> [The task]:
Reproduce, from the lines below, exactly the stretch that begins at the line containing "Fare un buchetto" and ends at the line containing "The Anarchist Black", both included.

> [Data extracts]:

________

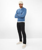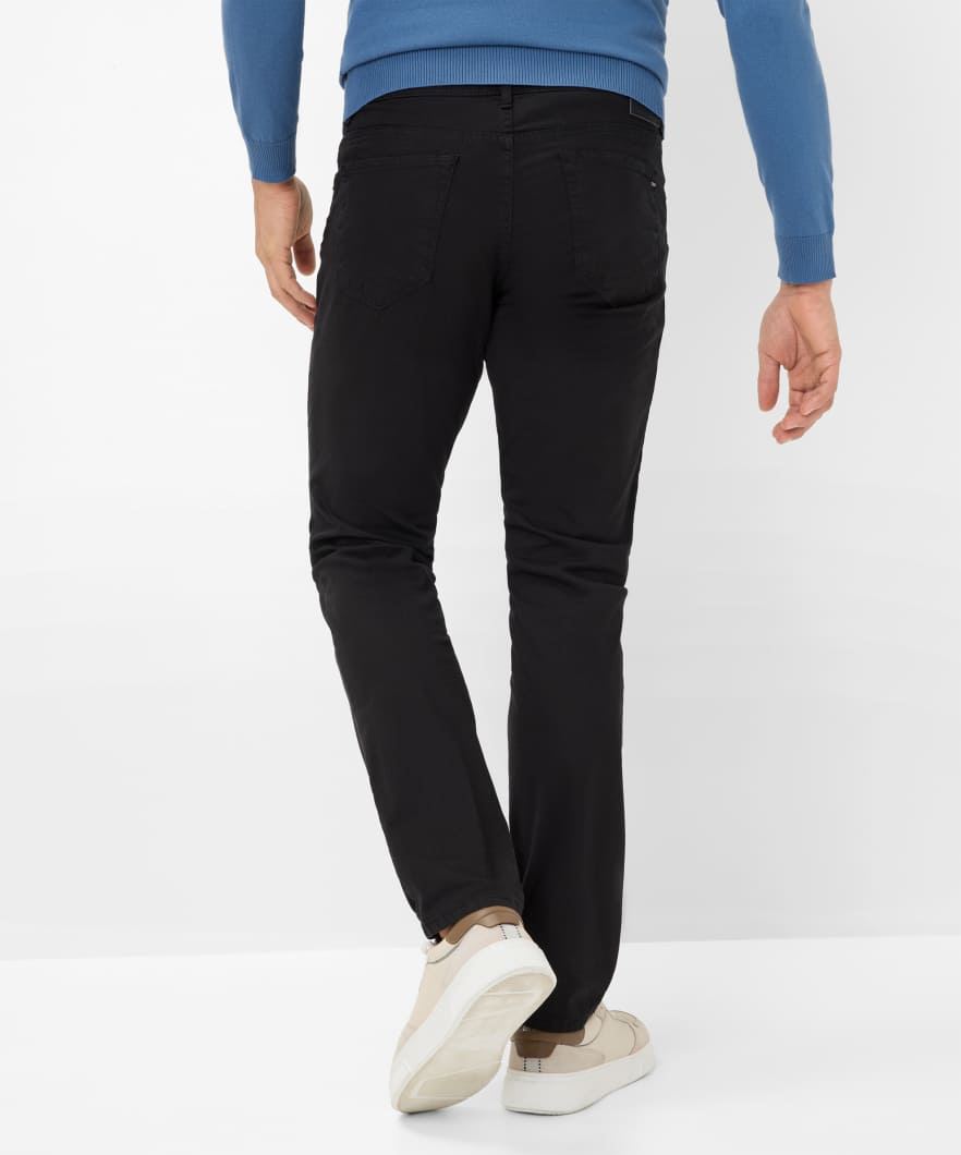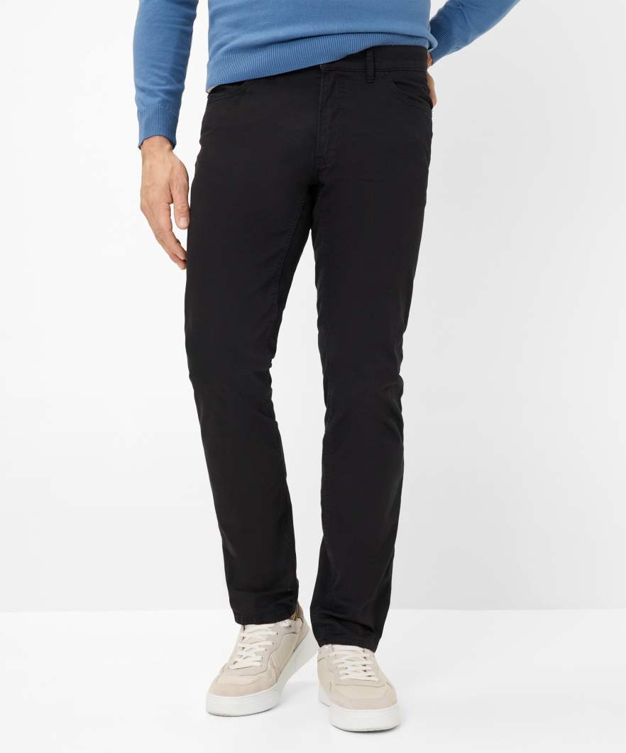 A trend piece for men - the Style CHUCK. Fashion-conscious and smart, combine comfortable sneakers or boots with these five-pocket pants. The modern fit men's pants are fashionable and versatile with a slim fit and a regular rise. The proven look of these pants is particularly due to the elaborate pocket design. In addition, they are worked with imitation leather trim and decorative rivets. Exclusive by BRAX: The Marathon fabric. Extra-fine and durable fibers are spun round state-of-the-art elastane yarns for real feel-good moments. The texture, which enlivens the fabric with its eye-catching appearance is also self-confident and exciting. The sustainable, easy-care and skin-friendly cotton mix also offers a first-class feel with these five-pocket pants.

________

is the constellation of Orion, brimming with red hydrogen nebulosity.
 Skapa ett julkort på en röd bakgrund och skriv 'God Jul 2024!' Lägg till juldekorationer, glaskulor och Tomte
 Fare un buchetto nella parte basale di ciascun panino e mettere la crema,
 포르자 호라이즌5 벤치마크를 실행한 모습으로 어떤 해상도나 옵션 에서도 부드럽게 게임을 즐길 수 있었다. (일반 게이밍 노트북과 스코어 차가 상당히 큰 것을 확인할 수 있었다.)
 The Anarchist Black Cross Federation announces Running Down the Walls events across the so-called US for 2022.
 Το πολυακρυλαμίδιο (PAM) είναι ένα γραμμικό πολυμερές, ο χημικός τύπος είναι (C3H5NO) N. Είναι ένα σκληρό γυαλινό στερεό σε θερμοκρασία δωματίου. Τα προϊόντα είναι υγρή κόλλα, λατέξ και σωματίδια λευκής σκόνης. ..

________

> [The answer]:
 Fare un buchetto nella parte basale di ciascun panino e mettere la crema,
 포르자 호라이즌5 벤치마크를 실행한 모습으로 어떤 해상도나 옵션 에서도 부드럽게 게임을 즐길 수 있었다. (일반 게이밍 노트북과 스코어 차가 상당히 큰 것을 확인할 수 있었다.)
 The Anarchist Black Cross Federation announces Running Down the Walls events across the so-called US for 2022.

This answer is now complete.